Asi es la Vida, 3602 North 24th Street, Phoenix, 602-952-1255.
Asi es la Vida is renowned for preparing some of the best Mexican food in Phoenix, so it's no surprise its flan is exceptional. It calls its cheesecakey custard "flan Napolitano." Chef Arturo Rodriguez says he adds a little queso de tres leches, or three-milk cheese, just like they do in Mexico, for a slightly firmer texture. Served as a slice, with fresh caramel syrup poured over it, it's nothing less than magnificent. I've had this Napolitano-style previously at Coyoacán, but wasn't crazy about it because there it was served to me without caramel and tasted too much like cheesecake. But like so many other things at Asi, Rodriguez's creation is culinary perfection. Why it's called "Napolitano," not even Rodriguez knows, but he assures me it has nothing to do with our state's chief executive, whose personality and policies more resemble a slice of white toast. Cost: $6.
Rosita's Place, 2310 East McDowell Road, Phoenix, 602-244-9779.

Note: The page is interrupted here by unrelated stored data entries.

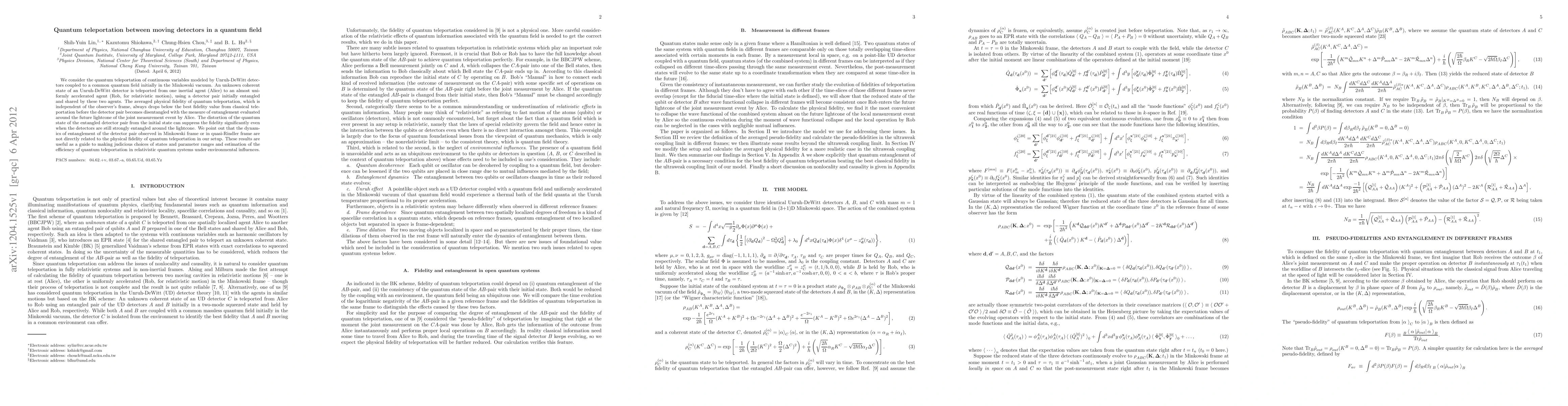 This paper investigates quantum teleportation of continuous variables between moving detectors in a quantum field, showing that the fidelity drops below classical values due to state distortion, regardless of the observer's frame. The dynamics of entanglement do not directly correlate with teleportation fidelity, providing insights for optimizing quantum teleportation efficiency in relativistic systems.
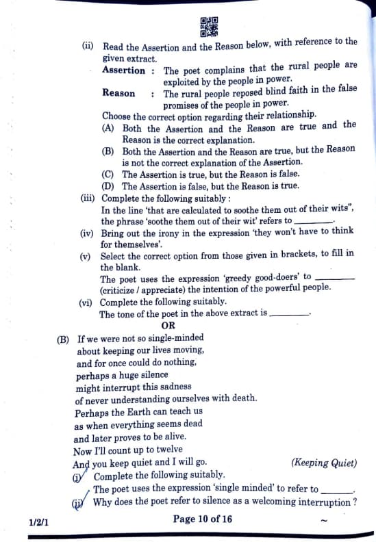 (ii) Read the Assertion and the Reason below, with reference to the given extract.
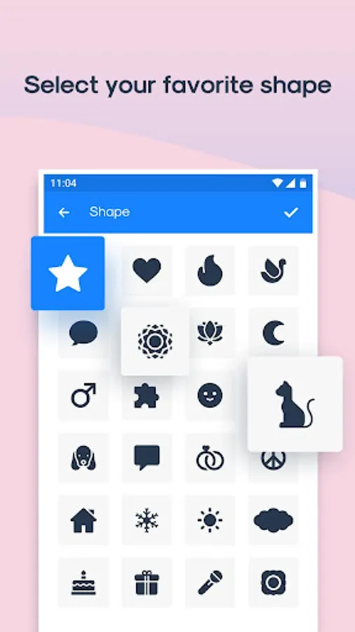 • Select from 17 distinctive and clean art shapes like butterfly, Star, Heart, leaf, and fish etc.
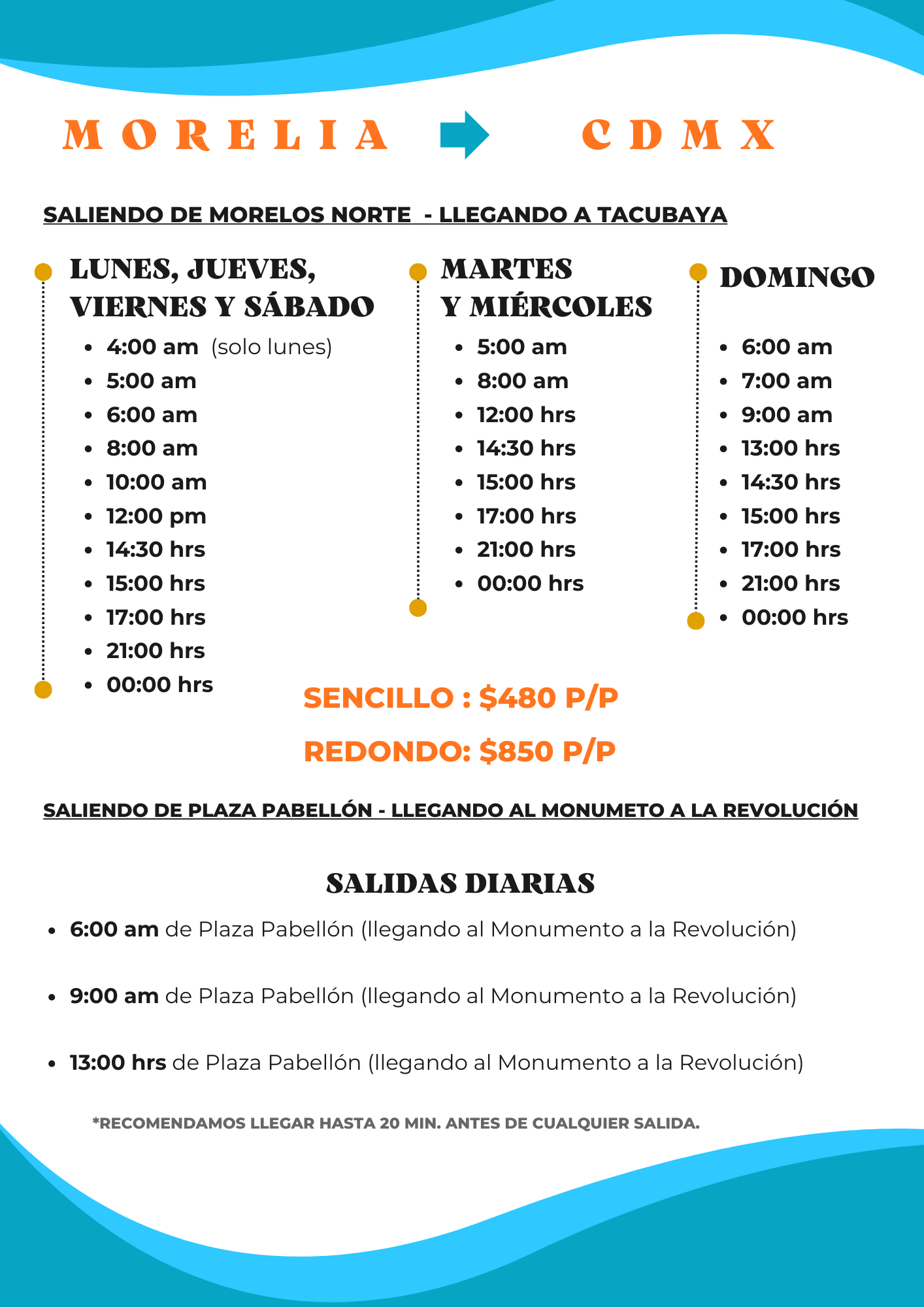 - 🐾 Mascotas: Por seguridad y comodidad de todos los pasajeros, en este servicio no se permite el transporte de mascotas. ¡Gracias por tu comprensión! 😊
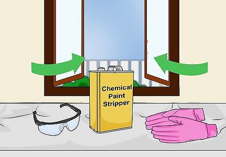 Prepare your work area. Lay down a drop cloth, cardboard, or a few layers of newspaper where you'll be applying your chemical paint remover. These chemicals can be very harsh, and can do damage to your home if they drip onto surfaces, like counters, tables, and the floor.
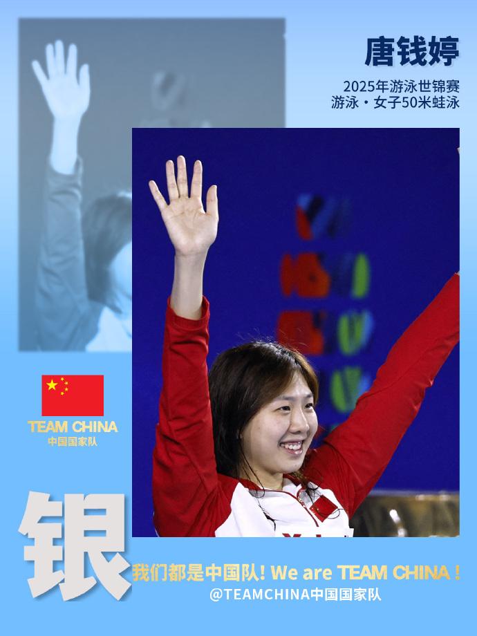 在刚刚结束的2025世界泳联世锦赛女子50米蛙泳决赛中,唐钱婷获得银牌。
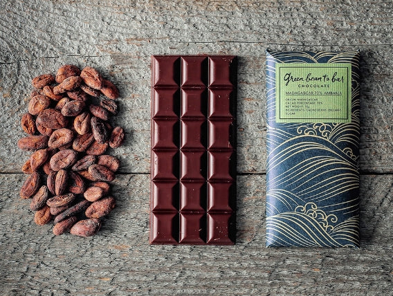 - greenといえば、チョコレートバーが定番の商品です。チョコレートバーは、産地を混ぜることなくひとつの産地のカカオ⾖のみを使って作る”シングルオリジン”にこだわっています。商品の名前は、ほとんどが産地の国名・地域名になっています。
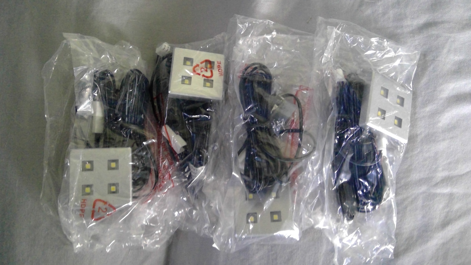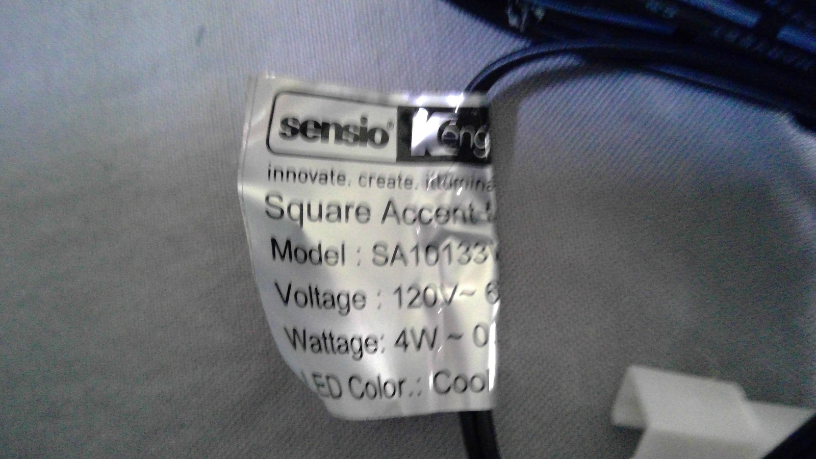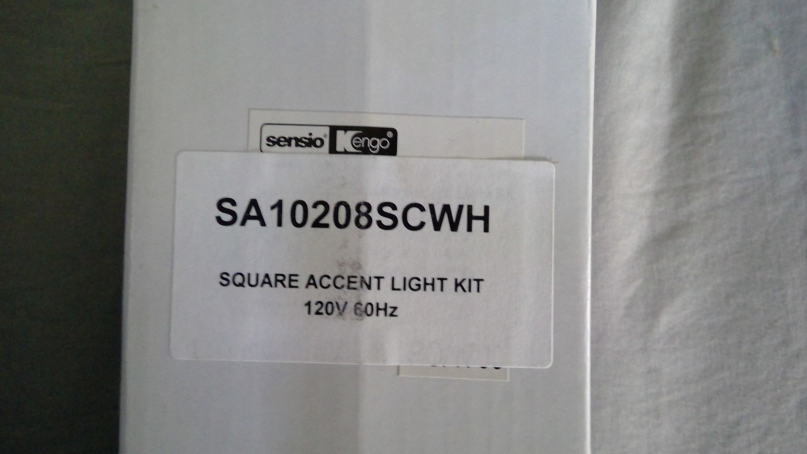 Sensio Kengo SA10208SCWH Square Accent Light Kit 120V 60Hz Energy Saving LED Range 4x LED square accent lights 1x LED transformer 1x Instructions Please Review Pictures Questions: M M Electrical Surplus (315) 781 8687 location upstairs C75A
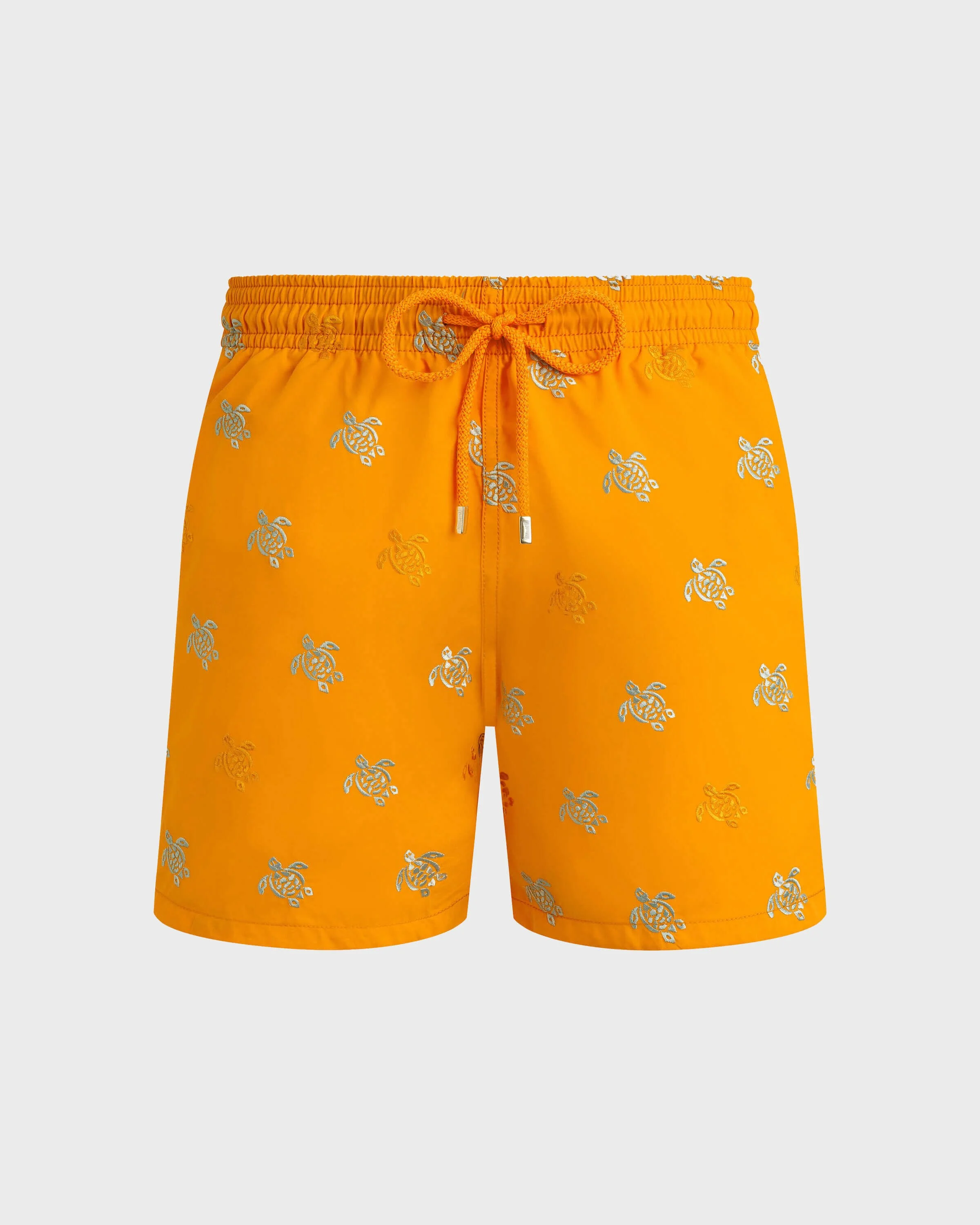 These brightly coloured men swim trunks adorned with turtles capture the exotic holiday theme. Cut from recycled polyamide with an elasticated waist and drawstring for added comfort. - Embroidered men swim trunks limited edition, 99 pieces for the color white, 99 pieces for the color Poppy Red, 99 pieces for the color Oleander Pink - Swim trunks with elastic waistband with drawstring and silver tips (engraving 925 certified) - Side pockets and back pocket with Turtle personnalized round snap button - Two back eyelets - Fully lined with water-resistant mesh lining (100% polyamide) - Enjoy a complimentary first repair of your swim trunks, if registered within 6 months - Side leg length in size M: 15.6" - The model is 74.4" tall and wears a size L - Men Swim Trunks Micro Ronde des Tortues Diagonale - Men Swim Trunks - 100% recycled polyamide Product Information Style: Mistral Model: MISBC493-172 Color: CARROT / ORANGE

Rosita's flan is even firmer than Asi es la Vida's, but otherwise similar: a fine traditional flan, with a bit of a brownish "crust," for lack of a better term, which soaks up the caramel. If you've never been to Rosita's Place, do yourself a favor and go as soon as they return from summer vacation on August 16. Aside from the outstanding flan, they've got a machaca taco that'll make your toes curl. And the refried beans taste almost like some sort of pudding, they're so delectable. Once you start in on the frijoles or the flan, you won't put down your utensil until there's nothing left but the memory. Cost: $2.50.
Comedor Guadalajara, 1830 South Central Avenue, Phoenix, 602-253-8299, www.comedorguadalajara.com.
This stark, gym-hall-like family restaurant comes through with some of the most appealing Mexican comestibles in south Phoenix -- and that's saying something. CG sells one of the most unique flans around -- a deep, brownish-beige custard that's extremely smooth and caramely inside and out. There's not a hint of the egginess you get with some flans, and the caramel flavor rips through your synapses like you've just done a bowl of crack. Nothing subtle about this flan, but I ain't complaining. Cost: $3.25.
Rancho de Tia Rosa, 3129 East McKellips Road, Mesa, 480-659-8787, www.tiarosa.net.
An attractive, hacienda-style restaurant with tile-topped tables, fountains, and stained-glass windows. I enjoyed what I ate there, but it struck me as an attempt to do a more healthful version of traditional Mexican fare, with mixed results. Still, Tia Rosa's flan was superb, a yardstick by which other flans can be judged. Garnished with blueberries and whipped cream, this round, yellow dessert was picture-perfect. Taste-wise, it was creamy, light, and almost fluffy, with a freshly made caramel sauce that I spooned to my lips even after the custard was long gone. All flans should at least be on a par with this one. Cost: $5.
Richardson's, 1582 East Bethany Home Road, Phoenix, 602-265-5886.
I t's hard not to fall in love with Richardson's, at least once the place starts to clear out late on a weeknight. Otherwise, everyone in there is over 50, loud, and smokes like a freight train. Once the Hawaiian-shirt wearers have dispersed, and you don't have to inhale a cloud of Marlboro smoke with every bite, certain items shine, like Richardson's super-eggy flan. In fact, this flan's so heavy on the huevos, owner Richardson Browne should consider adding a side of chorizo and serving it for breakfast. My suggestion: more caramel. But, hey, maybe that's the way they eat it in New Mexico. Cost: $5.